There is clearly a misunderstanding of the concept of informed consent and a lack of complete understanding of ethical principles among Japanese healthcare professionals. Although similar in some respects to informed consent as it originated in the United States, our review makes it clear that informed consent in Japan has clear distinguishing features.
Japanese healthcare professionals should aim to understand the basic nature of informed consent, irrespective of their attitudes about individualism, liberalism, and patient self-determination. If they believe that the concept of informed consent is important and essential in Japanese clinical settings, efforts should be made to obtain informed consent in an appropriate manner.
Beauchamp and Childress argued that virtually all codes of medical ethics and institutional regulations should require physicians to obtain informed consent from patients prior to substantial interventions, with the protection of patient autonomy as the primary justification for this requirement. They also claimed that informed consent is an individual’s autonomous authorization and postulated seven structural elements[ 1 ], including threshold elements (competence to understand and decide; voluntariness in deciding), information elements (disclosure of material information; recommendation of a plan; understanding of the information and recommended plan), and consent elements (decision in favor of the plan; authorization of the chosen plan)[ 1 ]. We think that these elements are quite clear and comprehensive, and could provide a useful framework for the critical review of various contemporary issues surrounding informed consent acquisition in Japan.
The concept of informed consent received a great deal of attention during the 1980s in Japan. In 1990, informed consent was translated into Japanese as "setsumei to doi" (back-translated as "explanation and consent"). This Japanese translation, however, carries a connotation that informed consent is a duty owed to patients and does not properly purport the notion that informed consent is a patient’s right[
Nike Mens Flyknit Lunar3 BLACK/WHITEHOT LAVAVOLT 105 M US BsfYL
]. In other words, the Japanese translation fails to grasp the "consent elements" of the framework described above. Currently in Japan, informed consent is often obtained without the patient’s understanding, physician’s recommendation, or adequate time to think[
3
]. In Japan as well as in other countries, many difficult issues regarding patient self-determination and acquisition of informed consent remain even after an ethical norm to obtain informed consent from patients in clinical settings and for research projects has been developed and established. They include compulsive interventions, treatment decisions for incompetent patients or minors, and issues surrounding treatment refusal[
Cambridge Select Womens Closed Round Toe Stacked Heel Western Ankle Bootie Black Imsu woNcp4Fc
,
5
].
In this paper, we discuss current situations and cultural characteristics concerning informed consent in Japan to outline the problems that we think are common and relevant. First, we review five court decisions related to informed consent and information disclosure. Next, we discuss the characteristics of Japanese culture by reviewing published opinions and commentaries. Then, we describe two contemporary issues concerning informed consent in current clinical settings in Japan: misuse of informed consent and persistence in obtaining consent. Finally, we present our opinion on current situations surrounding informed consent in Japan. Our focus is on informed consent in clinical settings; we do not address informed consent in research settings.

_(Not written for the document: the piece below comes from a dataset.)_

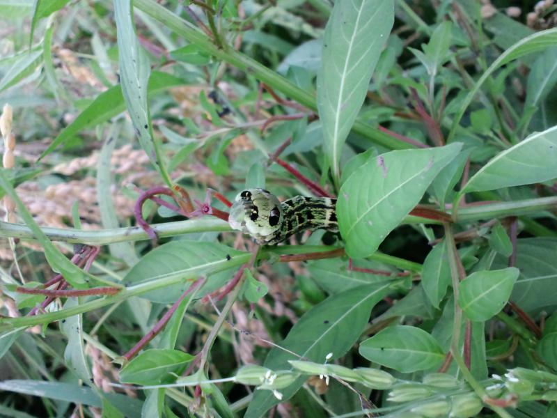 二日ほどカミさんと草取りをしましたが、タデには「イモムシ」が、

In the past three decades, the Japanese Supreme Court has set forth decisions in four cases concerning truth-telling and informed consent, and one district court considered a case about the necessity of disclosure to families of patients. The first case concerned disclosure of a cancer diagnosis. A physician failed to inform a patient that she had gall bladder cancer, but instead told her that she had a gall stone that required inpatient care. However, the patient did not come back to the hospital and, as a result, the physician did not inform either the patient or the patient’s family. In 1995, the Japanese Supreme Court concluded that a physician does not need to disclose a cancer diagnosis on the ground that the physician can overlook a patient’s right to self-determination, if, in their judgment, the actual diagnosis could have an adverse impact on the patient[ 2 ]. In this case, the principle of non-maleficence was prioritized over respect for patient autonomy.
So far, we haven’t explored LSTMs. We’ve more setup a foundation for them. And there’s one glaring issue with our foundation: if we just keep adding information to cell state, it could just grow and grow and grow, and essentially act as a counter that only increments. This is not very useful, and could regularly lead to explosion. We want more fine and rich control over memory. Well, worry not, because this is exactly what LSTMs are capable of doing.

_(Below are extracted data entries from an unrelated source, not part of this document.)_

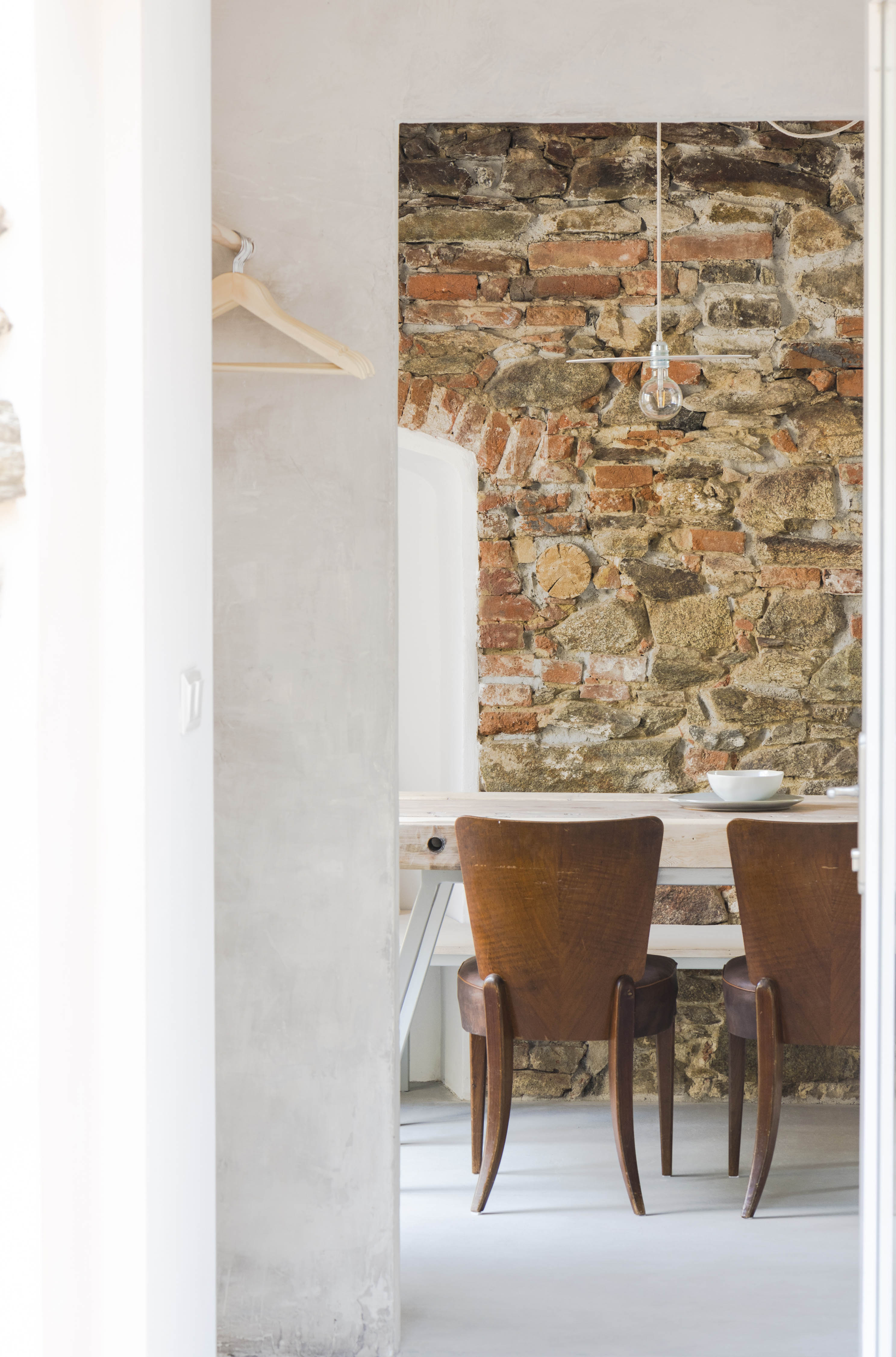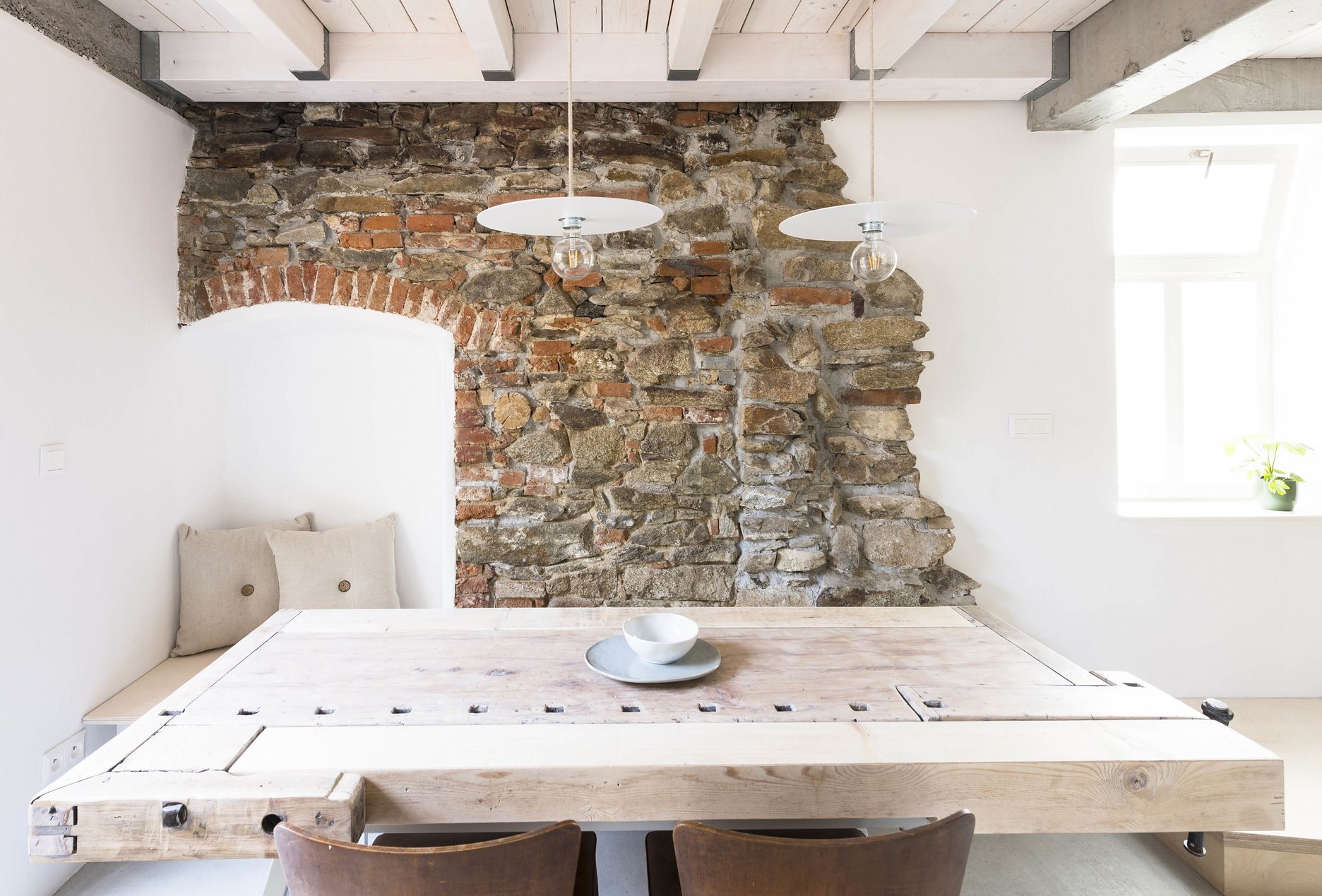 JK: Páči sa mi, že sa tam dá stratiť v čase. A potom sa ešte vždy pristihnem, keď idem na návštevu, že sa pozerám ako Martinova jedálenská lavica v úplne jemnej línii obieha kamene vyčnievajúce z pôvodnej steny.
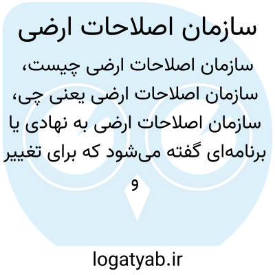 سازمان اصلاحات ارضی به نهادی یا برنامهای گفته میشود که برای تغییر و بازتقسیم مالکیت زمینهای کشاورزی بین کشاورزان و زارعین ایجاد شده است. هدف این سازمانها کاهش تمرکز زمینها در دست اشخاص خاص، افزایش بهرهوری و عدالت اجتماعی است. در ایران نیز در دهه ۱۳۴۰ اصلاحات ارضی به طور گسترده اجرا شد.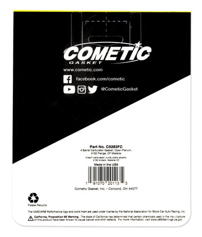 Cometic Gasket Inc. Carburetor Gaskets are manufactured from a high performance inspired compressible fiber that seals tight the first time. This highly durable material is compatible with a wide assortment of fuels and additives. Our gaskets are precision die-cut to ensure a perfect fit every time. They provides torque retention, crush resistance, and sheer strength and seals using low clamp force while releasing easily. It will not stick to carburetor or intake manifold and can be reused. Available for a wide range of carburetor models and styles.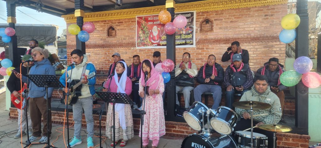 विशिष्ट अतिथि वडा अध्यक्ष हिरेन्द्र कुमार रायमाझीले देशमा आएको आमूल राजनीतिक परिवर्तनपछि नेपाल धर्मनिरपेक्ष राष्ट्र बनेको स्मरण गराउँदै सबै धर्मलाई समान व्यवहार गर्नुपर्नेमा जोड दिनुहुँदै क्रिसमसको शुभकामना व्यक्त गरे ।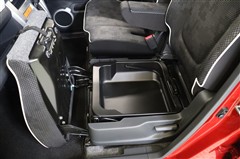助手席の座面を上げると収納スペースが現れます。防水なので、濡れた靴やシャツなども気にせず入れておけます。取っ手付きなので、外してそのまま持ち歩けます。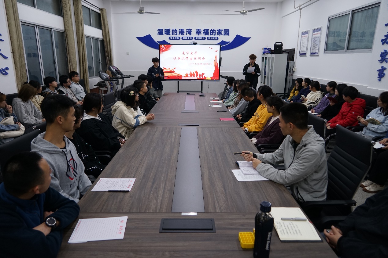首先是叶坚老师宣讲征兵政策。叶老师从如何应征入伍和入伍后相关激励政策两个方面进行宣传。应征入伍有两种方式,一种是一般入伍流程,年满18周岁在校大学生通过全国征兵网进行兵役登记,然后进行初步检查,再通过体检政检、走访调查、预定新兵、张榜公示最后批准入伍。另一种是士官直招,通过一般入伍流程报名,但是只招毕业大学生。其中需要注意男性年龄不能超过24岁,女性则不能超过22岁,视力不能低于4.5,男性身高不低于160cm,女性身高不低于158cm,男性体重不超过标准体重的30%不低于15%,女性不超过20%不低于15%。叶老师还讲到了激励政策:退役大学生复学可跳转专业不受限制,体育课成绩评定为优秀,大学学杂费全免,考研降分等,并举出许多优秀参军大学生,用他们的例子来激励同学们踊跃参军。

LSTM cells handle memory in a very intelligent way, enabling them to learn long-term dependencies and perform well. How, exactly? Well, the cell is sort of like an internal memory state that allows for context; it “forgets”, a.k.a. resets, information it doesn’t find useful from the previous cell state, “writes” in new information it find useful from the current input and/or previous hidden state, and similarly only “reads” out part of its information — the good stuff — in the computation of h_t . This respectively corresponds to the concepts of: resetting memory, writing to memory, and reading from memory. Very similar to how a modern computer system works, and we often describe an LSTM cell as a “memory cell”.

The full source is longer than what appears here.